ANDREW REAR: Munich Re Digital Partners is the digital arm of Munich Re, which is one of the world's largest insurance companies. What we do is provide wholesale insurance capabilities to insurance start-ups, to the large digital verticals and to some industrial companies who have insurance technology needs. Munich Re's heritage is in its expertise and using that expertise to the benefit of the insurance industry as a whole.
And what we realized was that, with the digital evolution, we had an opportunity to change the way we developed and applied that expertise. So we started Digital Partners to work with external partners. We now work with over 30, from insurtech start-ups to digital verticals, and also some industrial companies who are on a similar journey with us, to work with them together to generate insurance solutions for the new economy using new types of data and new analytics.
For us, this is a new source of business; we see the insurtech revolution as one that is going to create a new channel for us to exploit. And Digital Partners is very clearly exploiting that channel and also exploiting the B2B2C channel through large digital-native distributors. It's also a way for us to learn and help our traditional insurance company clients learn as they are going through their own digital journey themselves. Partnerships are the key to our model.
Sometimes, you use a partnership because they're doing something you simply couldn't do yourself. You couldn't recruit that kind of skill into your kind of business. You couldn't access a particular talent pool or a particular group of customers. Sometimes, we also use partnerships just for pace. Even as the digital business sitting on the side, if you like, of a large organization, still we can't operate at the pace that some of our digital-native and start-up partners can. We try our best to use Agile, but the way they use Agile is simply better than we are ever going to be able to do.

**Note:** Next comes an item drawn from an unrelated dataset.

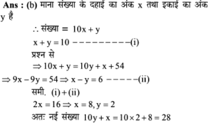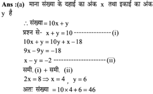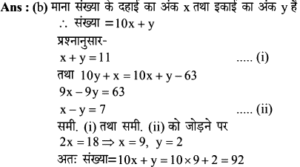 4. दो अंको की एक संख्या के अंको का योग 11 है। यदि अंकों के स्थान आपस में बदल दिए जाते हैं तो संख्या 63 कम हो जाती है। संख्या ज्ञात कीजिए।

So what we simply do is we partner with them to learn from them. And we bring a lot to them, because we have expertise, we have money and we have use cases. So we create a market for them. We're a global business, so we have to operate globally when we do digital as well. Initially, we set the pilot up in the UK. And then we moved to the US, and we built a standalone business. That was a deliberate choice, because at the time that you're building a brand-new business and trying to understand how that business is going to operate, you need flexibility to experiment.
And the easiest way is to build it with a really core group a little bit outside the organization.
But now, as we expand—we're expanding this year or next year into several European countries, into China, Australia, Canada—as we expand, we have to use the capabilities of the wider Munich Re group and be part of the transformation of the wider Munich Re group. So what we're doing is we're building a series of partnerships again, but this time partnerships with our core, traditional Munich Re business, which has expertise and skills. And we now have a model of how to do our kind of digital business.